----- INFORMATION SUPPLIED

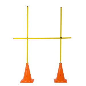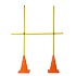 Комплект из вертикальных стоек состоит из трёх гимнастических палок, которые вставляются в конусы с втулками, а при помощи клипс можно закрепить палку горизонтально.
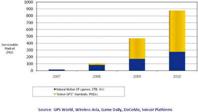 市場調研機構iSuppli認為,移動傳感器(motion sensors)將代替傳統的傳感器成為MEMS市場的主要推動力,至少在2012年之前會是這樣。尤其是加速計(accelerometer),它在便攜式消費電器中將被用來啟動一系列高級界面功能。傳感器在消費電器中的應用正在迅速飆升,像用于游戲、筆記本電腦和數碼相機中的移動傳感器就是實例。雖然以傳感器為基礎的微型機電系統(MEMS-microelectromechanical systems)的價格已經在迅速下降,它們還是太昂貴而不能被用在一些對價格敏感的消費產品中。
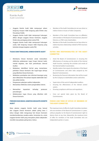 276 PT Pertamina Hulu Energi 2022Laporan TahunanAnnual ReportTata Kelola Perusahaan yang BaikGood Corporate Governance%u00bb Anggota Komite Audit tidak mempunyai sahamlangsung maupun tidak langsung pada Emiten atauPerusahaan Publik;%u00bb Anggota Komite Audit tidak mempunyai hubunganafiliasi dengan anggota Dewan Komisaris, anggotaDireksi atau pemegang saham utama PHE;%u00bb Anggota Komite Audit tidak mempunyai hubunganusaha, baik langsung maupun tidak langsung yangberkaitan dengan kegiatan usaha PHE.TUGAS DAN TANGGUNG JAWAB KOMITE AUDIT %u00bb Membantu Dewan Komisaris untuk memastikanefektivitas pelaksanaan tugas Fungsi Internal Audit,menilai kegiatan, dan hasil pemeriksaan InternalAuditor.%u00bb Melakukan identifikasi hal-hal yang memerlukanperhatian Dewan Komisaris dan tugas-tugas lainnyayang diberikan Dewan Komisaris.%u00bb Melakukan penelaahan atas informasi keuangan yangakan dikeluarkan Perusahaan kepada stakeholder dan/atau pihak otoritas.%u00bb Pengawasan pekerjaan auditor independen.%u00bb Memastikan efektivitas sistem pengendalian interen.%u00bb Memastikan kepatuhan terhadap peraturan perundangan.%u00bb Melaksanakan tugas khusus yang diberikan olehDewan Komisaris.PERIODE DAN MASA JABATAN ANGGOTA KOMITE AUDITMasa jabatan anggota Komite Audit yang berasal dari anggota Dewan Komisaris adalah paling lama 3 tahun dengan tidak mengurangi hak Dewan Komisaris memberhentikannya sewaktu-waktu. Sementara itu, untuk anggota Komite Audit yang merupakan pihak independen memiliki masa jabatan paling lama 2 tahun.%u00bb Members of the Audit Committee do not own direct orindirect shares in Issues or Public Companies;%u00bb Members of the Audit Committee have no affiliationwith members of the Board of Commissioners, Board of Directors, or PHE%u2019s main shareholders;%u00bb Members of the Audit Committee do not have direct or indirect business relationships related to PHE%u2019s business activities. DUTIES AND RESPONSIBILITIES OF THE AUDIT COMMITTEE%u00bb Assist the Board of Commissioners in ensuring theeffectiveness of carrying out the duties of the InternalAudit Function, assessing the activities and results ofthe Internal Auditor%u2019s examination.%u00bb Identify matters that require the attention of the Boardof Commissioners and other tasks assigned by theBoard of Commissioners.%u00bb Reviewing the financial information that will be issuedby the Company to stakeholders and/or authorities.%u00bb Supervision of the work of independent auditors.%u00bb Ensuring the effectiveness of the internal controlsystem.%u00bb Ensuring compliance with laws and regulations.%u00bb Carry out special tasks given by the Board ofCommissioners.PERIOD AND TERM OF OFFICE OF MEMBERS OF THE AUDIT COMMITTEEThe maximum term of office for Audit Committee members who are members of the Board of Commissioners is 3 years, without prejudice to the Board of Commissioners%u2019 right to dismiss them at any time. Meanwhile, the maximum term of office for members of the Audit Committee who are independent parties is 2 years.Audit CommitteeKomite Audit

----------

» **YOUR ASSIGNMENT**: Write out the whole listing exactly. Do not include the pictures.

» **OUTPUT**:
 Комплект из вертикальных стоек состоит из трёх гимнастических палок, которые вставляются в конусы с втулками, а при помощи клипс можно закрепить палку горизонтально.
 市場調研機構iSuppli認為,移動傳感器(motion sensors)將代替傳統的傳感器成為MEMS市場的主要推動力,至少在2012年之前會是這樣。尤其是加速計(accelerometer),它在便攜式消費電器中將被用來啟動一系列高級界面功能。傳感器在消費電器中的應用正在迅速飆升,像用于游戲、筆記本電腦和數碼相機中的移動傳感器就是實例。雖然以傳感器為基礎的微型機電系統(MEMS-microelectromechanical systems)的價格已經在迅速下降,它們還是太昂貴而不能被用在一些對價格敏感的消費產品中。
 276 PT Pertamina Hulu Energi 2022Laporan TahunanAnnual ReportTata Kelola Perusahaan yang BaikGood Corporate Governance%u00bb Anggota Komite Audit tidak mempunyai sahamlangsung maupun tidak langsung pada Emiten atauPerusahaan Publik;%u00bb Anggota Komite Audit tidak mempunyai hubunganafiliasi dengan anggota Dewan Komisaris, anggotaDireksi atau pemegang saham utama PHE;%u00bb Anggota Komite Audit tidak mempunyai hubunganusaha, baik langsung maupun tidak langsung yangberkaitan dengan kegiatan usaha PHE.TUGAS DAN TANGGUNG JAWAB KOMITE AUDIT %u00bb Membantu Dewan Komisaris untuk memastikanefektivitas pelaksanaan tugas Fungsi Internal Audit,menilai kegiatan, dan hasil pemeriksaan InternalAuditor.%u00bb Melakukan identifikasi hal-hal yang memerlukanperhatian Dewan Komisaris dan tugas-tugas lainnyayang diberikan Dewan Komisaris.%u00bb Melakukan penelaahan atas informasi keuangan yangakan dikeluarkan Perusahaan kepada stakeholder dan/atau pihak otoritas.%u00bb Pengawasan pekerjaan auditor independen.%u00bb Memastikan efektivitas sistem pengendalian interen.%u00bb Memastikan kepatuhan terhadap peraturan perundangan.%u00bb Melaksanakan tugas khusus yang diberikan olehDewan Komisaris.PERIODE DAN MASA JABATAN ANGGOTA KOMITE AUDITMasa jabatan anggota Komite Audit yang berasal dari anggota Dewan Komisaris adalah paling lama 3 tahun dengan tidak mengurangi hak Dewan Komisaris memberhentikannya sewaktu-waktu. Sementara itu, untuk anggota Komite Audit yang merupakan pihak independen memiliki masa jabatan paling lama 2 tahun.%u00bb Members of the Audit Committee do not own direct orindirect shares in Issues or Public Companies;%u00bb Members of the Audit Committee have no affiliationwith members of the Board of Commissioners, Board of Directors, or PHE%u2019s main shareholders;%u00bb Members of the Audit Committee do not have direct or indirect business relationships related to PHE%u2019s business activities. DUTIES AND RESPONSIBILITIES OF THE AUDIT COMMITTEE%u00bb Assist the Board of Commissioners in ensuring theeffectiveness of carrying out the duties of the InternalAudit Function, assessing the activities and results ofthe Internal Auditor%u2019s examination.%u00bb Identify matters that require the attention of the Boardof Commissioners and other tasks assigned by theBoard of Commissioners.%u00bb Reviewing the financial information that will be issuedby the Company to stakeholders and/or authorities.%u00bb Supervision of the work of independent auditors.%u00bb Ensuring the effectiveness of the internal controlsystem.%u00bb Ensuring compliance with laws and regulations.%u00bb Carry out special tasks given by the Board ofCommissioners.PERIOD AND TERM OF OFFICE OF MEMBERS OF THE AUDIT COMMITTEEThe maximum term of office for Audit Committee members who are members of the Board of Commissioners is 3 years, without prejudice to the Board of Commissioners%u2019 right to dismiss them at any time. Meanwhile, the maximum term of office for members of the Audit Committee who are independent parties is 2 years.Audit CommitteeKomite Audit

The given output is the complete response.